Definitions vary across vendors, but the practical goal is consistent: reduce blind spots by correlating directory entries, SSO activity, application permissions, cloud entitlements, and direct integrations into one reviewable entitlement baseline. That baseline is then used to identify overreach, orphaned access, stale credentials, and untracked third-party connections. For NHI governance, this is closely related to the visibility and lifecycle discipline described in the Ultimate Guide to NHIs and the remediation focus in OWASP Non-Human Identity Top 10.
The most common misapplication is treating a one-time export from IAM or a spreadsheet from an application owner as complete access discovery, which occurs when organisations ignore direct grants, nested groups, and machine-to-machine paths.
Examples and Use Cases
Implementing access discovery rigorously often introduces reconciliation overhead, requiring organisations to weigh faster review cycles against the cost of normalising inconsistent identity sources.
- Mapping all service accounts to the applications and pipelines that actually use them, then flagging accounts that no workload can justify.
- Reconciling cloud role assignments with SSO logs to find dormant but still-usable access paths, a pattern discussed in the Top 10 NHI Issues.
- Reviewing API keys embedded in CI/CD tools and code repositories, then verifying whether those secrets still correspond to active integrations.
- Using entitlement snapshots to support periodic access review and removal decisions aligned with the NHI Lifecycle Management Guide.
- Comparing discovered machine access against guidance in the OWASP Non-Human Identity Top 10 to prioritise overprivileged identities first.
Why It Matters in NHI Security
Access discovery is foundational because NHI risk is usually hidden inside permission sprawl, stale integrations, and undocumented machine identities. Without it, organisations cannot prove least privilege, cannot target rotation effectively, and cannot confidently remove access that no longer has a business owner.
NHI Mgmt Group research shows that only 5.7% of organisations have full visibility into their service accounts, which means most security teams are working from an incomplete entitlement picture. That lack of visibility creates a gap between policy and reality, especially when secrets are stored outside managed controls or when workloads inherit broad roles through automation. The challenge is not just inventory, but understanding effective access across systems that do not share a single control plane.
This is where access discovery connects to governance, incident response, and Zero Trust. The Ultimate Guide to NHIs — Key Challenges and Risks shows why visibility gaps become security gaps, while the OWASP guidance frames discovery as a prerequisite for reducing NHI exposure. Organisations typically encounter the operational urgency of access discovery only after an incident review, when an unknown service account or forgotten token has already been used to reach sensitive systems.
Standards & Framework Alignment
This section maps relevant standards and security frameworks to the operational risks and controls described in this guidance.

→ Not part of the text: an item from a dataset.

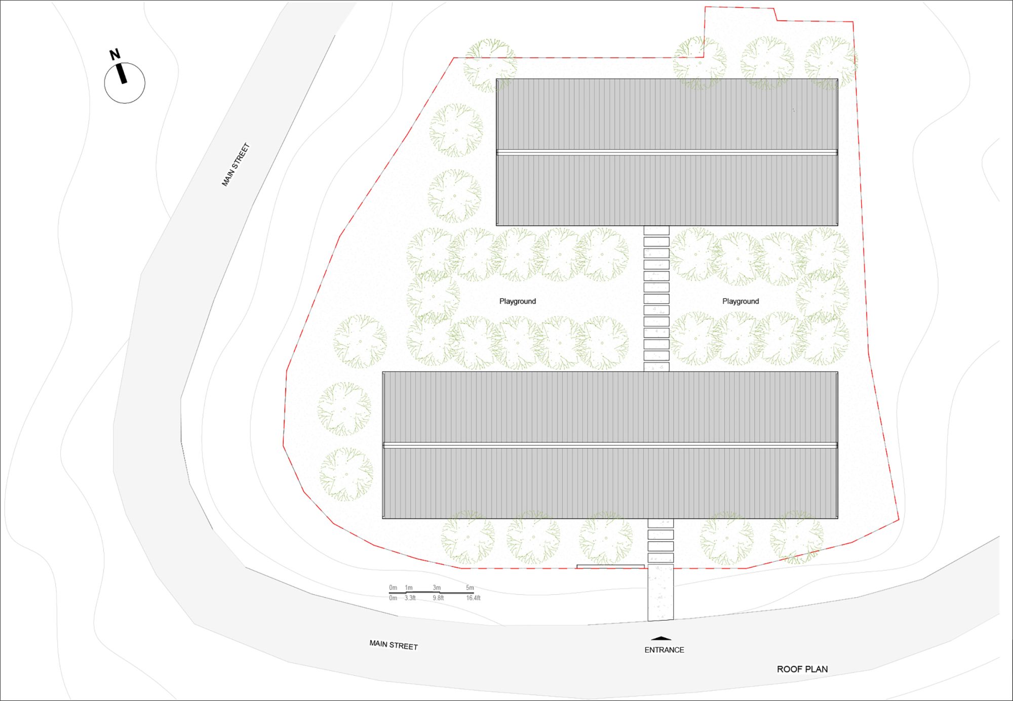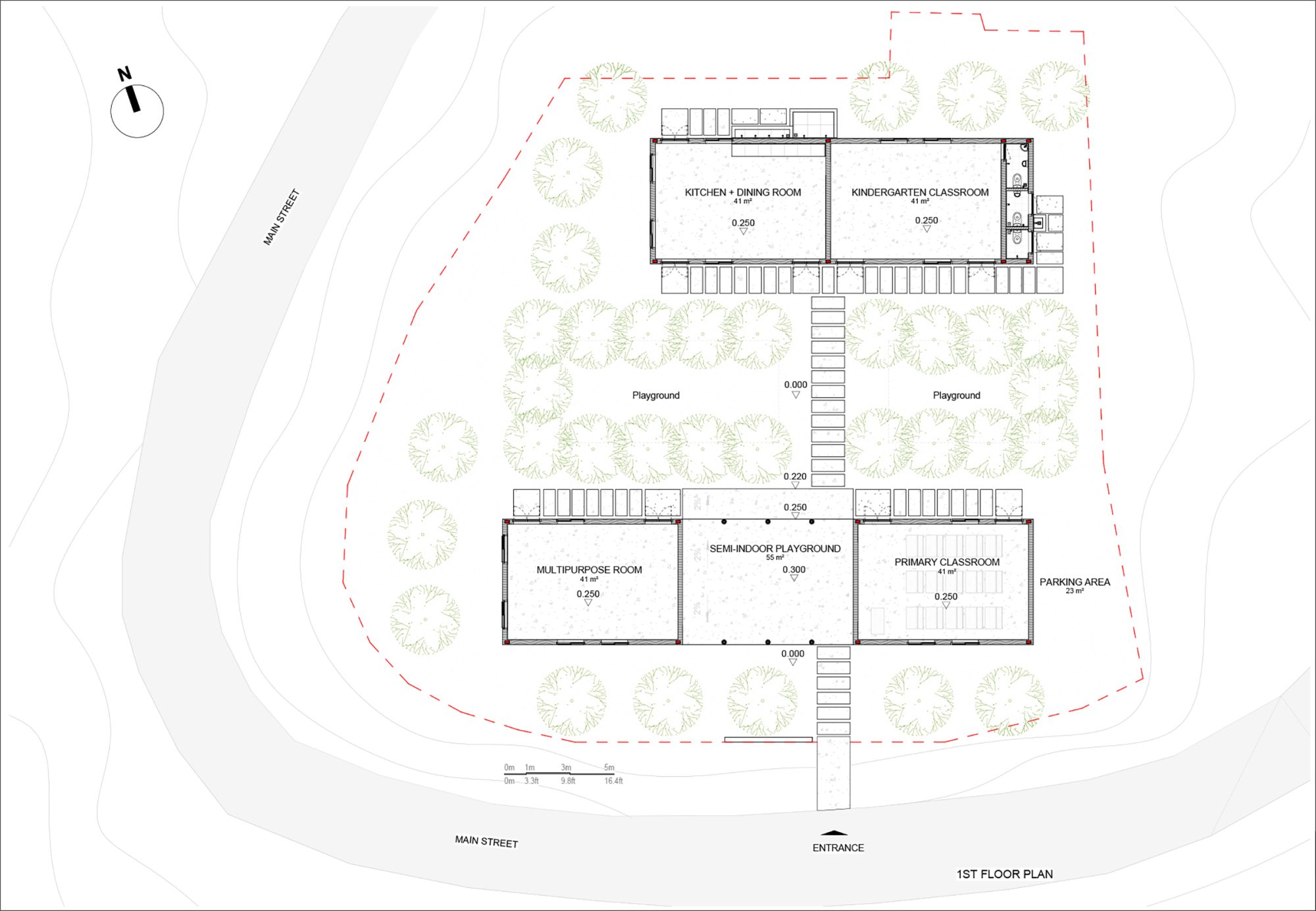 Với định hướng bảo tồn tối đa cảnh quan cây xanh hiện hữu và đưa công trình hòa mình vào thiên nhiên, các phòng học và dãy nhà được bố trí để cửa sổ mở tầm nhìn về phía các dãy núi phủ kín cây xanh, đồng thời sân giữa có hướng mở view nhìn toàn cảnh về phía thung lũng.

OWASP Non-Human Identity Top 10 address the attack and risk surface, while NIST CSF 2.0 and NIST Zero Trust (SP 800-207) set the governance and control requirements practitioners need to meet.
| Framework | Control / Reference | Relevance |
|---|---|---|
| OWASP Non-Human Identity Top 10 | NHI-01 | Discovery is the starting point for identifying unmanaged NHI access and entitlement sprawl. |
| NIST CSF 2.0 | PR.AA-01 | Identity and access governance requires knowing who can access what across systems. |
| NIST Zero Trust (SP 800-207) | SC-7 | Zero Trust depends on verified access paths and minimised implicit trust. |
Use discovered entitlement data to enforce least privilege and segment access by workload and purpose.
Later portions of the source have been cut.